E tra quel atteso e inaspettato connubio, deflagrante colosso di lungimirante marketing ,ribattezzato a furor di meme social barbenheimer, la parte più pesante dei riconoscimenti è toccata alla metà della mela più seria , impegnata, e, aggiunge chi scrive, più pregnante e rilevante da un punto di vista di linguaggio cinematografico e non solo di operazione o di progetto. E se Barbie annulla il proprio potenziale critico e satirico contro la società patriarcale-capitalista nel mettere il marchio Mattel in bella mostra fin dai titoli di testa, e nell’essere pervaso da un’ aria da plastificato spot infarcito di messaggi progressisti astutamente posizionati (con l’effetto paradosso di conservare e anzi di incrementare lo status della merce bambola), Nolan prova, e in gran misura riesce, a effettuare una più delicata e problematica transizione: dal processo anticipatore e visionario del suo scienziato anti eroe su quella invenzione-la bomba- con il non secondario effetto collaterale di una catastrofe nucleare reiterabile nel tempo, al processo psicotico e allucinato di una colpa e di una visione parziale.

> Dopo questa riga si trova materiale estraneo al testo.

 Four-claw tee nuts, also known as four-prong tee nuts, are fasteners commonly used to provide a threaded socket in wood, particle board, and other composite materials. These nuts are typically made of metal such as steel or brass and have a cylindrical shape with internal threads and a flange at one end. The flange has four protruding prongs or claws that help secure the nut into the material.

Una parzialità di percezione ottica e acustica, di testimonianza rimossa e rivendicata, di manipolazione e mistificazione che attraversa alcuni degli altri riconoscimenti chiave: miglior sceneggiatura originale, in una delle rare affermazioni di script in lingua non inglese, alla coppia, anche questa artistica e di vita, Justine Triet–Arthur Harari per Anatomia di una caduta, diretto da Triet, probabilmente la più esemplare opera dell’ anno per chirurgica capacità di analizzare i meccanismi della dicotomia menzogna/verità e dell’omissione sulle ceneri ancora fumanti e sanguinanti del cadavere coppia; miglior film internazionale a La zona d’interesse dove Jonathan Glazer mette in scena il fuori campo visivo e il primo piano sonoro di un’ alienata falsa coscienza, della quale gli aguzzini nazisti del campo di concentramento sono l’ ottuso e atroce raccordo in reverse, il negativo a colori desaturati da cui farsi ipnotizzare staticamente.

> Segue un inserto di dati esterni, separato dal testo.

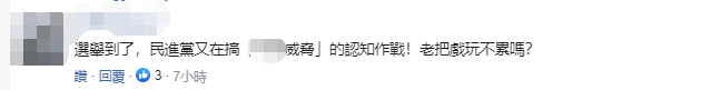 在台媒評論區,有網友留言批評稱,選舉到了,民進黨又在搞“大陸威脅”的認知作戰!老把戲玩不累嗎?↓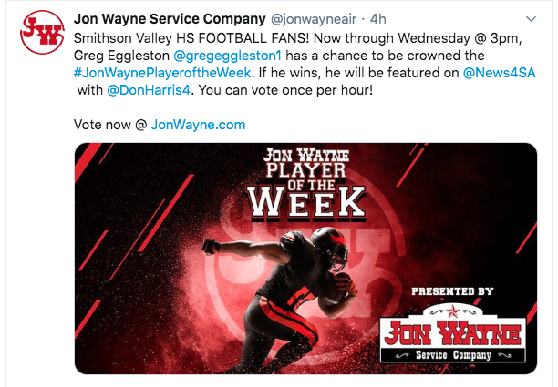 After his performance in tje 44-0 romp over Madison Thursday night, senior Greg Eggleston stands to be voted Jon Wayne Player of the Week.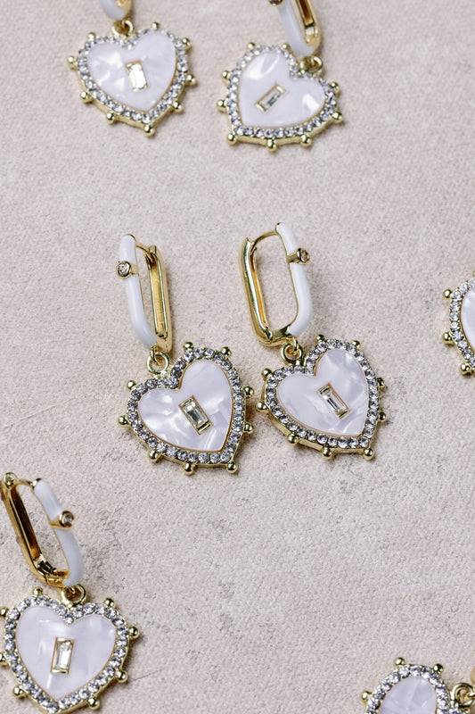 Capri Heart Shaped Diamond Stud Drop Earrings - Mother of Pearl

Per bilanciare una cosi variamente declinata esplorazione dell’ambiguità, ecco il più rassicurante premio alla sceneggiatura non originale di American Fiction, con una programmatica e cerchiobbotista scrittura dell’ esordiente Cord Jeferson tra dissacrazione e convenzione, meta-racconto e narrazione testuale, sui cliché e gli stereotipi dentro, fuori e intorno la rappresentazione della comunità afroamericana. Sarebbe stato troppo premiare anche in questa categoria La zona d’interesse , che vince comunque un altro Oscar per il suono che vale come quello, se non di più, per la sceneggiatura vista la rilevanza dal punto di vista narrativo, evocativo, simbolico della partita di agghiaccianti sussurri e grida. Non si voleva forse troppo celebrare una forma di racconto che è frastornante esperienza sensoriale prima che didascalica e rassicurante illustrazione di una boutade politicamente (s) corretta.

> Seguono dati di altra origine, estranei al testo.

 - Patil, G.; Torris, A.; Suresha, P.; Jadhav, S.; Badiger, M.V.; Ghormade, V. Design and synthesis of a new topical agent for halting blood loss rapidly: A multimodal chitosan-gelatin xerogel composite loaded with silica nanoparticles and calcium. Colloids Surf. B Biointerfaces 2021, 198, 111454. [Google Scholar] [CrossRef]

Un segno altalenante che rimane anche nelle scelte per le quattro interpretazioni, a cominciare da quelle maschili: l’intensa maschera indecifrabile e impermeabile, perduta in un tormento remoto o avanguardistico, di Cillian Murphy/Robert Oppenheimer in opposizione all’ istrionico piglio da gran mattatore camaleonte del suo “avversario” Robert Downey Jr/Lewis Strauss (da cui esce penalizzata la slabbrata e tenerissima umanità del piccolo grande uomo Paul Giamatti, candidato in The Holdovers-lezioni di vita).
Tra le attrici non protagoniste ha invece la meglio il corpo reale e le emozioni a fior di pelle di Da’ Vine Joy Randolph, per il film di Alexander Payne con Giamatti, mentre è totalmente performativo e spregiudicato , ma molto aderente a un canone di bellezza, seppur verniciata con una patina di eccentricità, quello di Emma Stone Bella nomen omen di Povere creature! : in questo caso il “problema” è però lo sguardo dell’ universalmente e unanimemente celebrato Yorghos Lanthimos, sul quale sia consentito avanzare dubbi e perplessità; perché che questa performance di emancipazione, libertà e presa di coscienza femminile debba passare attraverso un’ottica così grottesca, sbilenca e formalista lascia un certo sconforto sul piano delle intenzioni, e in parte su quello dei risultati. Ci si domanda se non si muova tutto ad un livello di superficie e dì gioco mortifero più che gotico, tanto che l’Academy, a parte la Stone, premia tutto l’apparato decor (scenografie, costumi, trucco). Quelle categorie in cui avrebbe dovuto vincere magari Barbie, se la bambola in questione avesse avuto un allure più sofisticato e artistoide, e meno sfacciatamente pop, come Bella/Emma.
Gli Oscar mantengono così il loro tratto distintivo come termometro di gusti, tendenze, direzioni e mutazioni del mainstream; un perimetro entro il quale una certa idea più viscerale, classica e cinefila di cinema d’autore (Killers of the flowers moon è il terzo film di Martin Scorsese con dieci o più nomination e nessuna vittoria, per non parlare di un’ opera monumentale, struggente e personale come il Ferrari di Michael Mann completamente esclusa dalla gara) non è più una presenza forte o vincente.
Il punto cruciale comunque è che al computo finale dei premi ne manca uno che quest’anno si sarebbe dovuto istituire ad hoc: il body of work , ovvero per il complesso dell’opera, di un’attrice e di una performer che come nessuna/o ha saputo rappresentare la continuità fisica, psicologica, emotiva ed etica di individualità inghiottite dalla voragine del male assoluto o vaganti a vuoto tra le lande dell’ isteria e della psicosi: si tratta di Sandra Hüller, che sia la faccia feroce e grottesca del nazismo dalle ispirazioni borghesi (La zona d’interesse) o l’ egotica intellettuale dalla lingua solida e dal retroterra altrettanto spietato e non compassionevole (Anatomia di una caduta). È lei che ci riporta sgomenti all’ interrogativo essenziale ed esistenziale della bella canzone di Billie Eilish che ha vinto l’ unico Oscar del quale Barbie era davvero meritevole: What I was made for?, per cosa siamo stati creati.
Domanda che si perde nella celebrazione di questo rito centenario e dei suoi idoli chissà quanto fragili fuori e dentro gli ormai multiformi schermi e immaginari.